When it really gets cold, and it will here in a few weeks, I will add just a 1/2 cup of corn oil to the grain mix once a day to keep energy up. 

I think you will be glad if you let them grow out a bit longer.


----------



## homebirtha

New to pigs here, so my I don't know how much my advice is worth.. but... I would wait. Yes, you'll cut feed costs some, but you'll be sacrificing at least half the meat you would get from the pig if you want another few months. Also, your pig that is left will be lonely, and I think they do better with other pigs.


----------



## Firefly

I just sent a 375 lb pig to the slaughterhouse. It took hiim so long to get to 150 that I never dreamed it would be only a month more to get to 250! Seeing him all the time, I didn't realize how big he was getting.
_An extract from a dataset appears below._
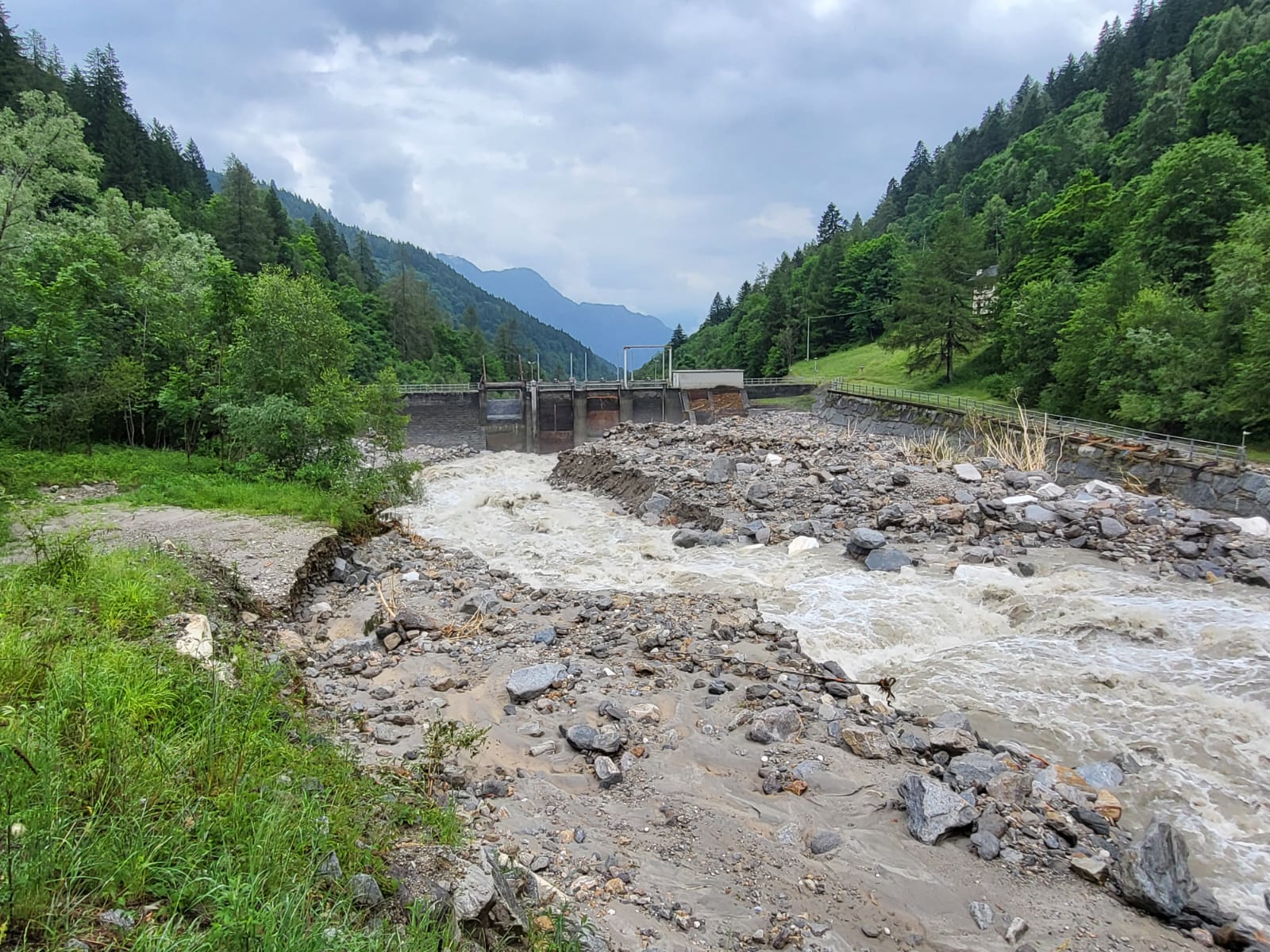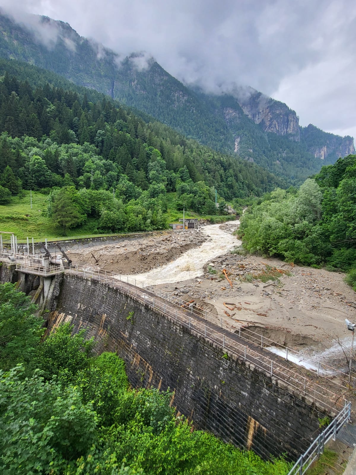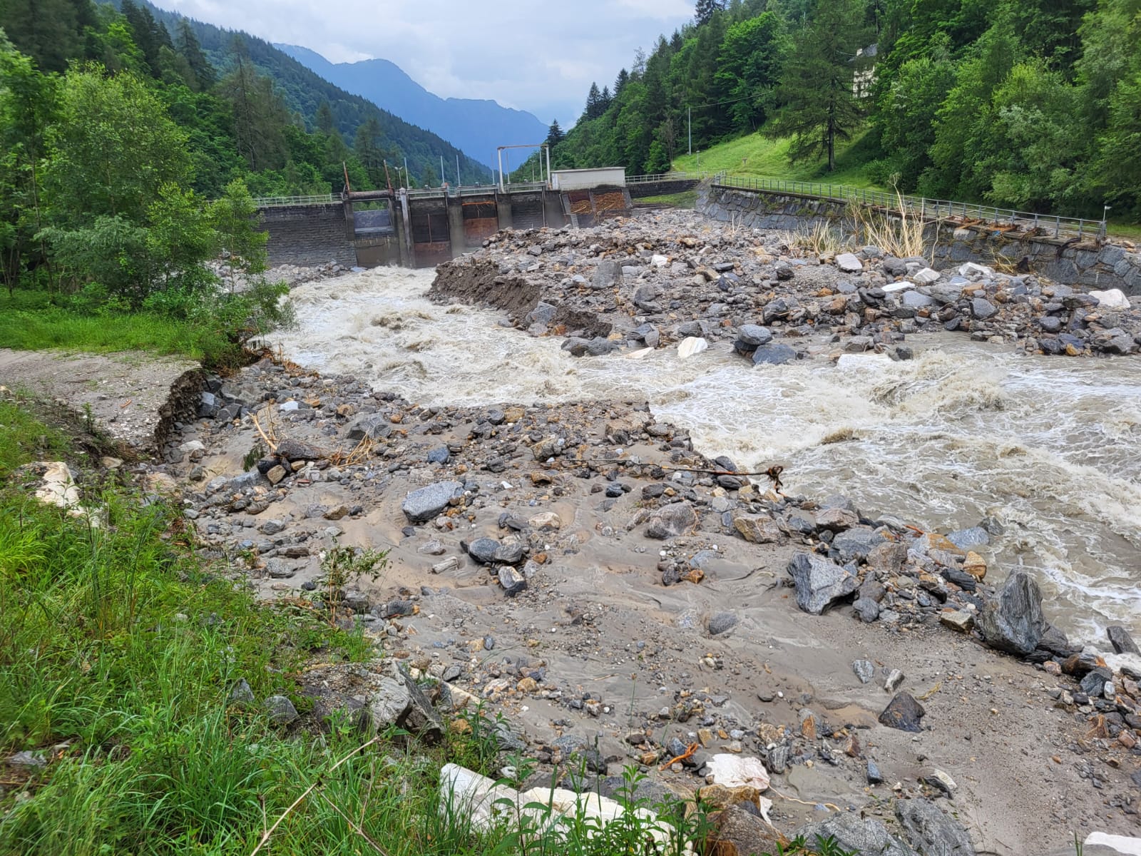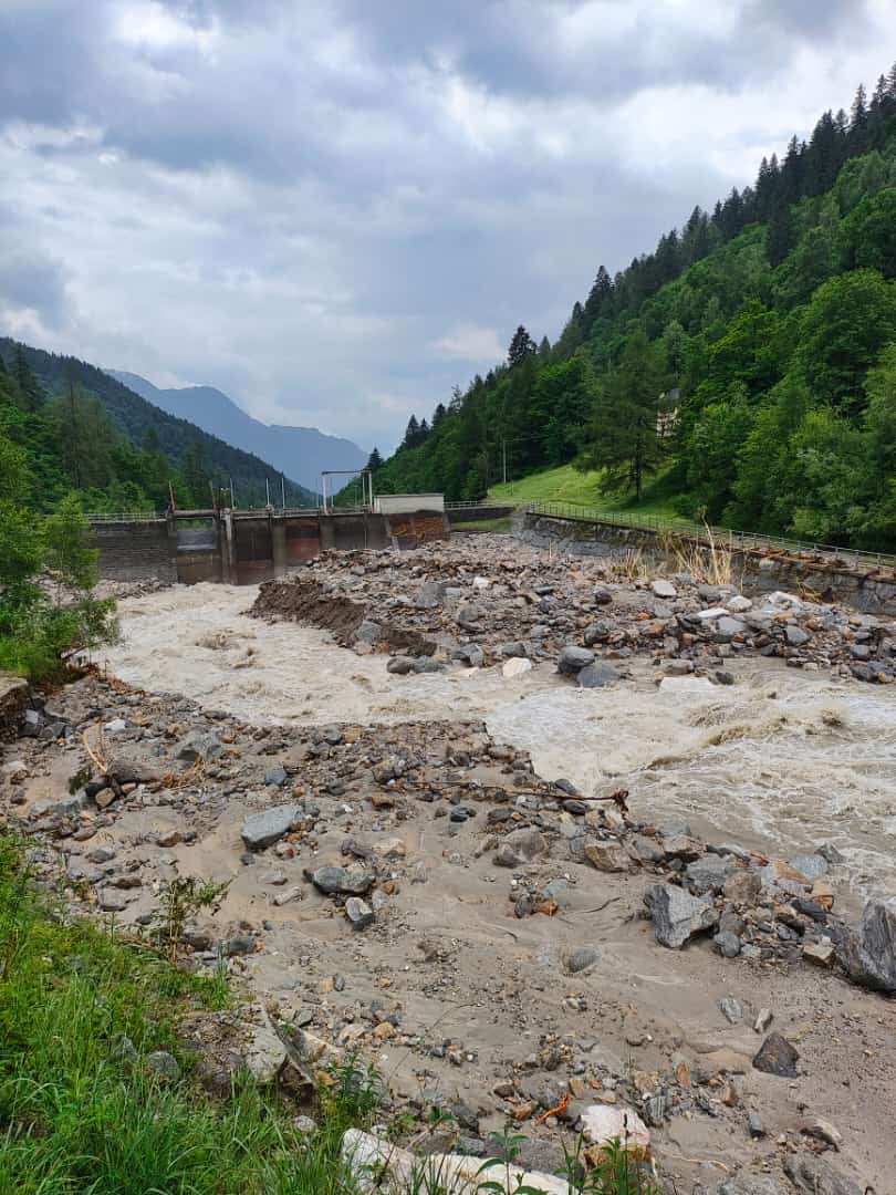 SAN DOMENICO- 30-06-2024- In attesa dell’inizio dei lavori di sgombero dei detriti traportati dallavfrana caduta venerdì nel tardo pomeriggio nella zona dopo la stazione di partenza degli impianti di risalita di San Domenico, sulla strada per l’Alpe Veglia, a Ponte Campo, attesi per lunedì mattina dalla ditta Dremar, ecco la situazione della sottostante diga di Gebbo, dove il rio Cairasca in piena ha trasportato molto materiale, sassi e fango.

Now I will have chops so big that a 1" thick will probably weigh a pound. The smokehouse guy says he may not let me put his USDA label on the bacon because it will probably be too fatty to have his good name on it! If it's not USDA I won't be able to sell it, nor will it be vacuum packed. Regular packaging only lasts ~6 months, and trust me I can't eat 100 lbs of bacon in 6 months no matter how tasty it is! And the pig I kept is very lonely. SOOO, my advice is to get them both done in about a month.


----------



## Rockin'B

We've always slaughtered ours near the 250 weight. 
Early on I once let one go to about 340 and that was a big mistake. They are way to fatty. Lots of trim loss and lots of fat on all the cuts. Bacon was all fat and very little meat.

150 is too small. You just won't get enough yield to make it worth while. I'd wait and would think that you will be much happier.


----------



## highlands

The best time to slaughter a pig is when you are ready to eat it. Seriously.

Commercially pigs are generally grown to 225 lbs or so because now a days people want smaller hams and at about that size the rate of conversion of feed to meat starts to decrease.

For home slaughter, it is just as easy to slaughter a 300 or 400 lb pig as it is to do a 225 lb pig. If you are having someone else do it they usually charge the same rate for either. Thus you might as well go for a larger weight, especially if you are pasturing the pigs which means your feed costs are not as critical.

I like doing slaughter for oruselves in the cool of the fall best of all. There are no flies and the weather is right for hanging meat without a refrigerator. As you get into late fall and winter pasture gets low so that fits as well.

Additionally, a great way to keep meat fresh is to keep it on the hoof. Once you slaughter and freeze or can the meat the quality starts to degrade. Putting off slaughter not only lets the animal get larger but means that the meat is fresher when you really need it.

The last thought is that realize not all female pigs are fertile. In the industry about 75% are fertile. So what you might want to do is breed your two pigs and then if one does not 'take', that is to say get pregnant, slaughter and eat her. Hopefully the other will produce piglets for next year's meat.

On the down side, some breeds of animals, especially if they are grain fed, will start putting on more fat than meat at some age. You probably want to slaughter before that. With pigs on grain it is around 300 lbs that this tipping point is reached. On pasture I don't see this happen - even our 700 to 800 lb sows are in excellent condition and the boars never get fat unlike confined hogs.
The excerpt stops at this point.